___ INFORMATION PROVIDED ___
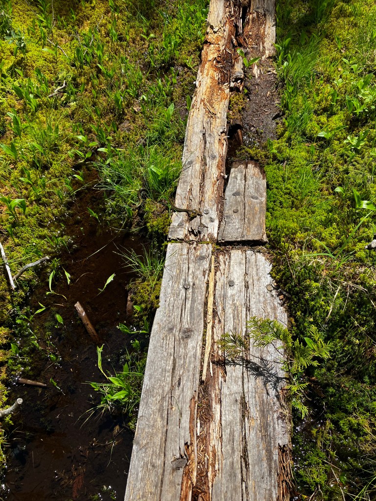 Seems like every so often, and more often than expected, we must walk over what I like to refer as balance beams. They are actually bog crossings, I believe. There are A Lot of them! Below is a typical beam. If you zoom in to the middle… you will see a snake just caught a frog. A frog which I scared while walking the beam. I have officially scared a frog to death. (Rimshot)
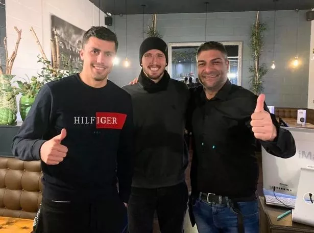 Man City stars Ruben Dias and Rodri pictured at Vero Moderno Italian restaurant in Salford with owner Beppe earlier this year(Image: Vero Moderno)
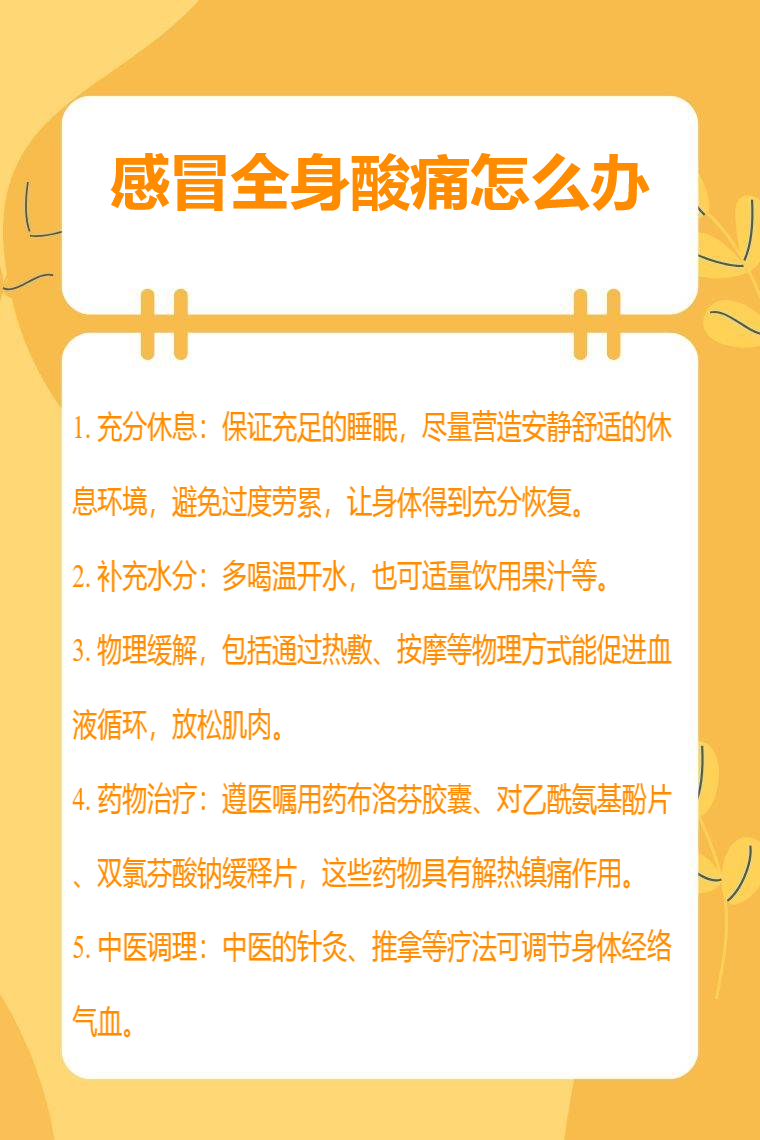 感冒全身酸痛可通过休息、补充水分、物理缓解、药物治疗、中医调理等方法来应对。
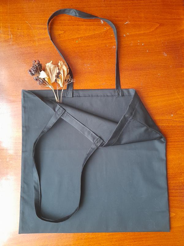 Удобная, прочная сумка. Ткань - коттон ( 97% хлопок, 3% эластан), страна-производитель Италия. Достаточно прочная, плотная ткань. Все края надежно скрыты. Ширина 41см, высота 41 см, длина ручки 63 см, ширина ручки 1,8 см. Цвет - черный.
___
- THE PROBLEM:
What is needed is an exact copy of every line from the one with "Man City stars" to the end of the listing above, with the pictures left out.

- RESPONSE TO THIS EXERCISE:
 Man City stars Ruben Dias and Rodri pictured at Vero Moderno Italian restaurant in Salford with owner Beppe earlier this year(Image: Vero Moderno)
 感冒全身酸痛可通过休息、补充水分、物理缓解、药物治疗、中医调理等方法来应对。
 Удобная, прочная сумка. Ткань - коттон ( 97% хлопок, 3% эластан), страна-производитель Италия. Достаточно прочная, плотная ткань. Все края надежно скрыты. Ширина 41см, высота 41 см, длина ручки 63 см, ширина ручки 1,8 см. Цвет - черный.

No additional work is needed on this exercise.